I wrote the process of reading the full text from the Wiktionary dump in Python, but I will port it to F # and compare the processing speed.

This is a series of articles.

Search for efficient Wiktionary processing
Compare Wiktionary processing speed with F # and Python ← This article

The script for this article is posted in the following repositories.

https://github.com/7shi/wiktionary-tools/tree/master/fsharp/research

Overview

When I first started dumping Wiktionary, I thought I would use F #, but the .NET Framework couldn't handle bzip2 by default, so I started implementing it in Python. After parallelizing, the process was completed in a little over a minute, so I felt that Python was sufficient in terms of speed.

Still, I was wondering how fast F # would be, so I'll try to make up for the missing library.

I wrote it briefly, but it took a lot of time to investigate.

The environment used for the measurement is as follows.

OS: Windows 10 1909
CPU: AMD Ryzen 5 2500U with Radeon Vega Mobile Gfx (4 cores)
.NET Framework 4.8.03752
Python 3.8.2 (WSL1)

Number of lines

An external library is required to work with bzip2 in the .NET Framework.

Investigate the .NET Framework bzip2 library

First, read all the lines of the dump and count the number of lines.

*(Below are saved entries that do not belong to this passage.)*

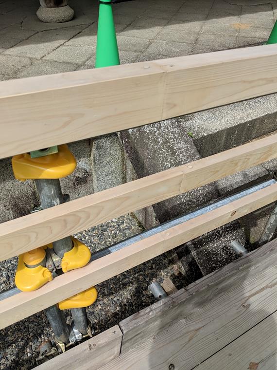 The woodworking on the walkway built to route around the building project was very well done. You can barely see the join in the wood here.
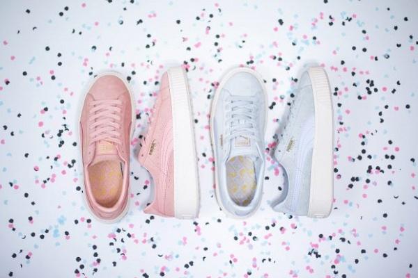 Thiết kế giày đơn giản với phần thân bằng chất liệu da lộn bề mặt nhám được in logo thương hiệu Puma màu vàng bắt mắt, sang chảnh trên nền đế trắng. Dù chỉ giới hạn bởi 2 sắc màu nhưng các tín đồ thời trang có thể mở rộng phạm vi mua sắm hơn thay vì chỉ có lựa chọn duy nhất từ Converse trong cùng màu pastel.
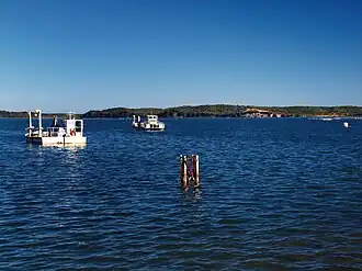 The Étang de Diane is not used much by the public, who usually only visit the coastal fringe.[10] The lagoon is privately owned by the Groupement Foncier Agricole de Diana (GFA), which leases it to companies who operate and manage it. Three shellfish and aquaculture companies harvest oysters and mussels, sea bass, sea bream and other species. Fishing is done with gillnets and fyke nets.[6] Five structures are spread over 80% of the lagoon.[10]

List the corresponding Python code and duration.

language	code	Time required
Python	python/research/countlines.py	3m34.911s
F#	fsharp/research/countlines.fsx	2m40.270s
command	`bzcat FILE.xml.bz2 \| wc -l`	2m32.203s

F # is the speed approaching the command.

#r "AR.Compression.BZip2.dll"
open System
open System.IO
open System.IO.Compression

let target = "enwiktionary-20200501-pages-articles-multistream.xml.bz2"
let mutable lines = 0
do
    use fs = new FileStream(target, FileMode.Open)
    use bs = new BZip2Stream(fs, CompressionMode.Decompress)
    use sr = new StreamReader(bs)
    while not (isNull (sr.ReadLine())) do
        lines <- lines + 1
Console.WriteLine("lines: {0:#,0}", lines)

Stream split

Read the bzip2 file separately for each stream.

Mask and read FileStream to avoid the overhead of going through the bytes. Use the SubStream created in the following article.

Extract and combine streams → [fsharp / research / StreamUtils.fsx](https://github.com/7shi/wiktionary-tools/blob/ master / fsharp / research / StreamUtils.fsx)

Use the stream length data (streamlen.tsv) generated in Previous article.

language	code	Time required
Python	python/research/countlines-BytesIO.py	3m37.827s
F#	fsharp/research/countlines-split.fsx	5m23.122s

Apparently there is a non-negligible overhead in starting the BZip2Stream read, which is quite slow. I used SubStream to reduce the overhead even a little, but I can't catch up at all.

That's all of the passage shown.